There are mornings in Grand Rapids when the city feels like it is holding its breath — the light low and golden, the air carrying just enough of a bite to make you feel alive. Those are the mornings I head to the Coldbrook Street Trailhead on the northern edge of downtown and step onto the White Pine Trail, and every single time, I wonder why I waited so long between visits.
The White Pine Trail is one of Michigan’s great linear treasures. Stretching roughly 92 miles from Comstock Park all the way up to Cadillac, it follows the old bed of the Penn Central Railroad through the heart of western Michigan. But you do not need to be a long-distance cyclist with panniers packed for a week to fall in love with it. The Grand Rapids segment alone — accessible right from the city — offers a completely satisfying half-day adventure that manages to feel both wild and wonderfully convenient.
The Coldbrook Street Trailhead sits just north of the medical mile corridor, tucked between the Grand River and the quietly revitalizing neighborhoods that sit north of downtown. Parking is easy, the trailhead is clearly marked, and within about two minutes of setting foot on the packed gravel surface, the ambient noise of the city begins to soften. That transition — from urban hum to the rustle of cottonwoods and the smell of river water — is genuinely startling in the best way.
Heading north from Coldbrook, you will pass beneath a series of bridges that frame the Grand River in ways that feel almost cinematic. Great blue herons stalk the shallows. Fishermen string their lines from the banks. On busy weekend afternoons, the trail hosts a cheerful parade of cyclists, runners, dog walkers, and the occasional inline skater who definitely still knows what they are doing.
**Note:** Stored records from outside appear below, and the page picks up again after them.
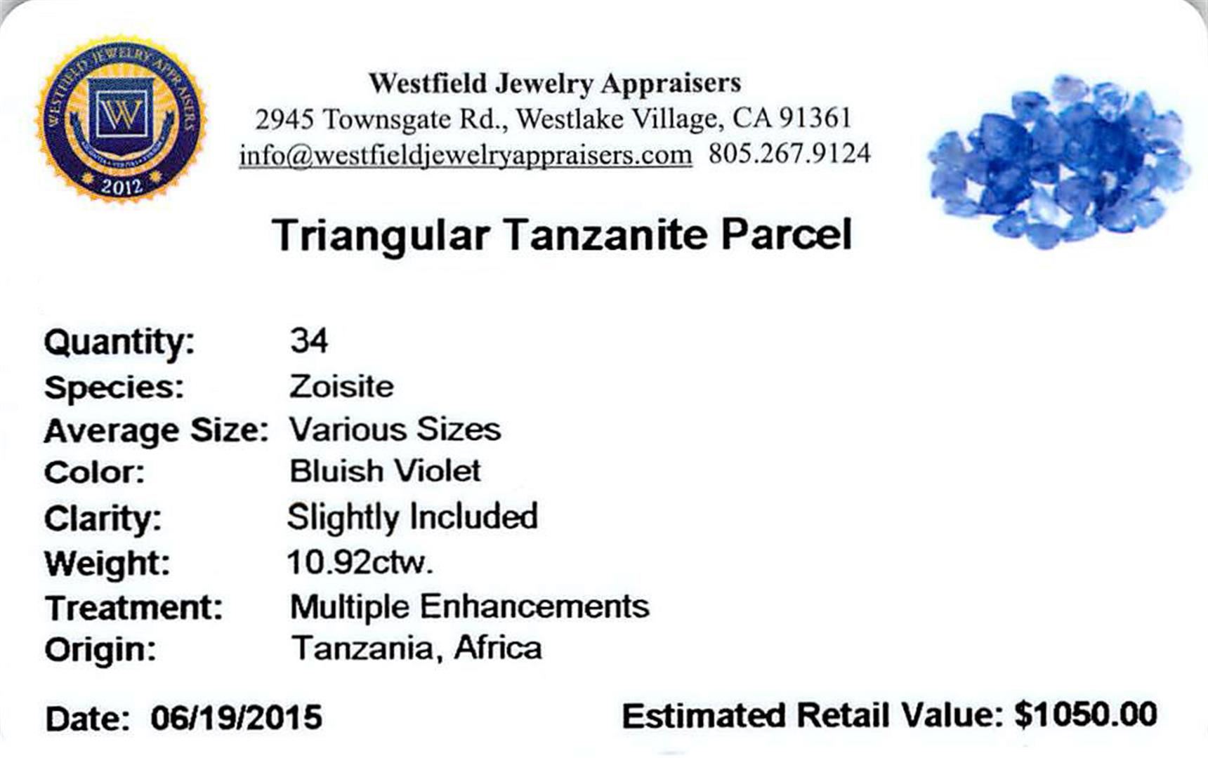 Thirty-four triangle mixed cut natural tanzanites exact total weight 10.92ct., clarity is slightly included, type I, medium dark, very slightly grayish, bluish violet color, (GIA bV 6/3), cut is good. Transmitting light with a minimum of distortion, transparent. Naturally occurring internal & external characteristics are present. Color grade is an average for the group. Tanzanite is a very rare gemstone that is only found in the country of Tanzania. Originally discovered in 1967. Tiffany & Company, named the stone Tanzanite. It is found in the Usumburu Mountains that border the Umba Valley of northern Tanzania. Tanzanite occurs in gray, brown, violet, blue, reddish-purple, & green. The gem is interesting because of its exceptional pleochroism. Rotated in different directions a tanzanite will exhibit multiple changes of color. Tanzanite has a low tolerance to ultrasonic cleaning, and should not be cleaned using this method. Westfield Appraised at $1,050.00.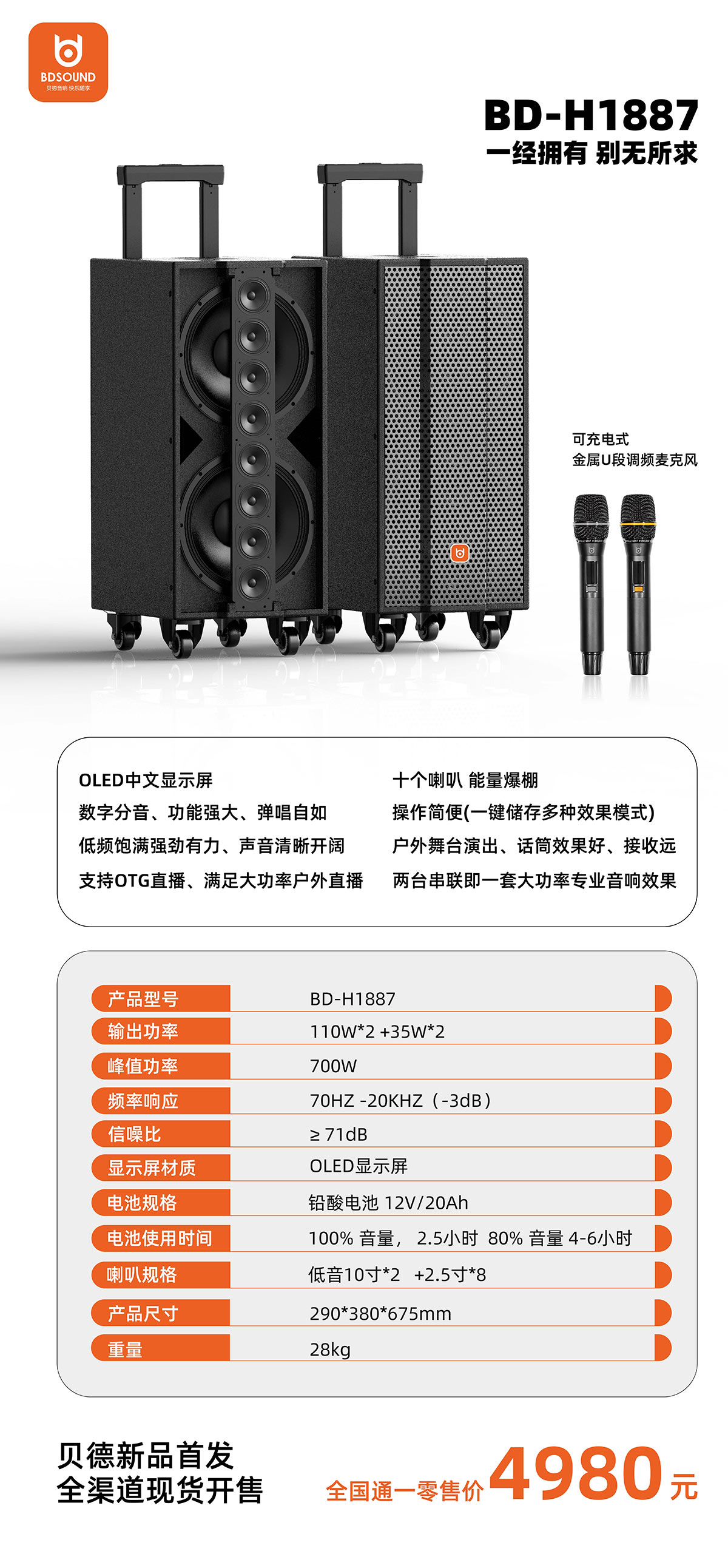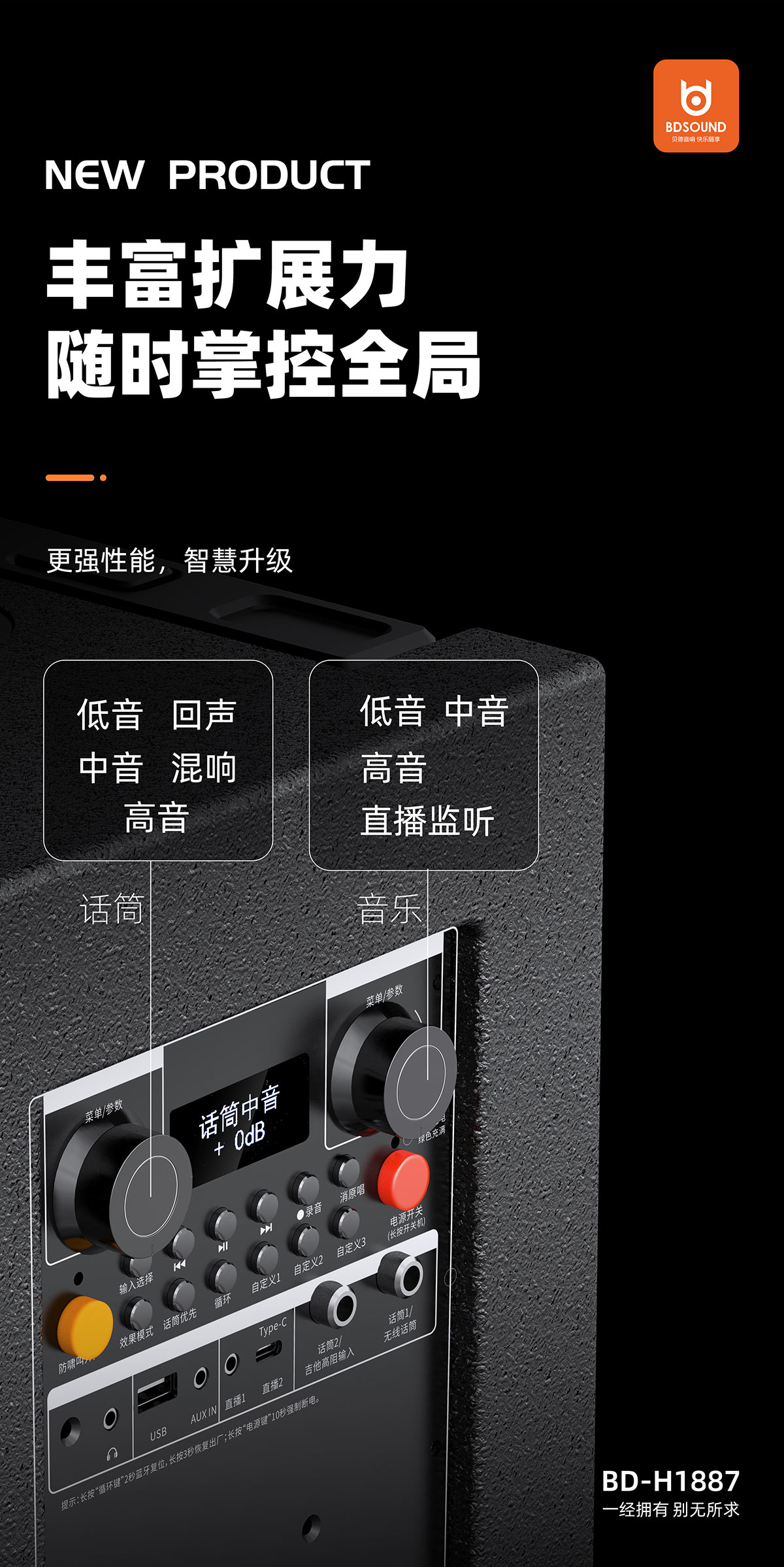 数字分音、功能强大、弹唱自如低频饱满强劲有力、声音清晰开阔支持0TG直播、满足大功率户外直播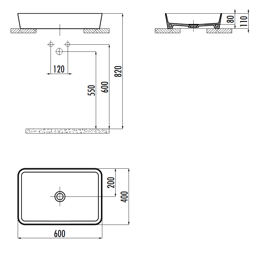 —Раковина из сантехнического фарфора Creavit Loop LP060-00CB00E-0000 60х40 накладная цвет белый без отверстий под смеситель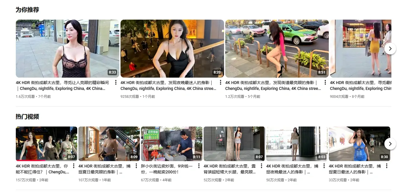 油管街拍UP主Exploring China的街拍作品,该UP主作品质量很高,还需要付费加入会员,主要地点是成都太古里,比较有烟火气息的真实街拍,就像你在逛街看美女是一样的感觉

The surface is well-maintained and largely flat, making it accessible for riders of all ages and fitness levels.
One of the things I appreciate most about this stretch of the White Pine Trail is how it threads through real neighborhoods rather than bypassing them. You get glimpses of community gardens, hear kids playing in backyards, and pass through the quiet commercial pockets of Comstock Park if you ride far enough. It is the kind of trail that makes you feel connected to a place rather than just passing over it.
If you are coming from out of town and do not have a bike, Grand Rapids has rental options available through local outfitters close to downtown, so there is no excuse to skip this one. Pack a water bottle, grab something from a café on your way in, and plan to spend at least two to three hours. Go north as far as your legs want to carry you, then turn around and let the tailwind — if you are lucky enough to catch one — push you gently home.
The White Pine Trail is not flashy. It does not have a gift shop or a famous chef or an Instagram wall. What it has is something harder to manufacture: a genuine sense of place, of movement, of Michigan doing what Michigan does best when you just get outside and pay attention. Come for the ride. Stay for the herons.